樺沢:書き出すことは大切ですね。とくに手順書やTO DOリストはゲーム化しやすいです。タスクが終わったら1行ずつ消していって、1日の最後にはコンプリート、という感じで。私は繰り出し式の太めの赤鉛筆でタスクを思いっきり消します。スッキリしておすすめですよ。
小鳥遊:私もTO DOリストを消すことに快感を覚えるようになりました(笑)。タスクのほかにも書き出したほうがいいことはありますか?
嫌なことも1回だけ書き出して、忘れる
樺沢:悩んだときや嫌なことがあったときも効果的です。たとえば上司に怒られて落ち込んだら、そのときの感情をすべて細かく書き出す。大事なのは、1回だけ書き出すこと。何度もアウトプットすると記憶が強化されて忘れられなくなってしまいます。

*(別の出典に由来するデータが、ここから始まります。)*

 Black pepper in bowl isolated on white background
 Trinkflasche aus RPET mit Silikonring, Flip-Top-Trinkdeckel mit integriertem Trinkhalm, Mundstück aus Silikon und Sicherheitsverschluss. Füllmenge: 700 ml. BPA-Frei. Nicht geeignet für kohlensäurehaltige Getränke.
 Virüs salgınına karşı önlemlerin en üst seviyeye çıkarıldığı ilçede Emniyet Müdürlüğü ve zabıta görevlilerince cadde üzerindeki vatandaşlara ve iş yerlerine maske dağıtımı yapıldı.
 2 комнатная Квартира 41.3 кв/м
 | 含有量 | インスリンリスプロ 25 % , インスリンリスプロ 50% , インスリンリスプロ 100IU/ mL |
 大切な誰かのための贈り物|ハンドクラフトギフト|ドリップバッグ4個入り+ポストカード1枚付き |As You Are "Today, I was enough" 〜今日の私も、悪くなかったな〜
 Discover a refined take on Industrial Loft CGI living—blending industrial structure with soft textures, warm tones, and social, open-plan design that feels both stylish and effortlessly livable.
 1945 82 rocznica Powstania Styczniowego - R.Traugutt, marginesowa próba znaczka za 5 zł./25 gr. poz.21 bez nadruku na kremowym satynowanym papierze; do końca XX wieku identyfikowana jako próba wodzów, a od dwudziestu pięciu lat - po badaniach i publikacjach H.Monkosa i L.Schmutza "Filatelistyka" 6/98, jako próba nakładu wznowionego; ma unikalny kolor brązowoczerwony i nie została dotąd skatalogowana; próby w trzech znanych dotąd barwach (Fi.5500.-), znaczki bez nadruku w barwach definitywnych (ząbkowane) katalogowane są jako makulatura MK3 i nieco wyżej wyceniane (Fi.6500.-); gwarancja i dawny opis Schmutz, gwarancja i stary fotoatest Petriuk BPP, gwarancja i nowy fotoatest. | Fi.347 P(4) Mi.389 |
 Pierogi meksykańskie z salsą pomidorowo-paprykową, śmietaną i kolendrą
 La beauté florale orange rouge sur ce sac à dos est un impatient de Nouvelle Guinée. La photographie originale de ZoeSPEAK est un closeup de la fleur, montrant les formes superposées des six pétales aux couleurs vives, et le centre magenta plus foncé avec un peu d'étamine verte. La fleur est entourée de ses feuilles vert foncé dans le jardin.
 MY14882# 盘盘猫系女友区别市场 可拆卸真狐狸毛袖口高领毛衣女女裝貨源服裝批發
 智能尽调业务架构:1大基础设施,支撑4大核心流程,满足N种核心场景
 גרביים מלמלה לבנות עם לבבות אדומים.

タスクの書き出しも悩みの書き出しも、脳の「ワーキングメモリー」と呼ばれる作業スペースを空ける目的があります。なにかを覚えている状態は、それだけ脳のキャパシティを使っているということなので、今やるべきことに全力を発揮できなくなるんですね。「書いたら忘れる」というのを日頃から習慣化しておくと、脳を効率的に使えるようになります。
小鳥遊:ミスをしてしまったら内容だけでなく防止策まで書くようにしていますが、そうすると安心できる気がします。
樺沢:それは「フィードバック」と呼ばれる作業。自分のアウトプットのよかった点と悪かった点、ミスを繰り返さないためにどうするかを書き出すことで、行動が方向修正されて成長につながります。なにかに悩んだとき、「事実」は書き出してフィードバック作業、「感情」は書き出して忘れる、というように切り離して対処することが大切ですね。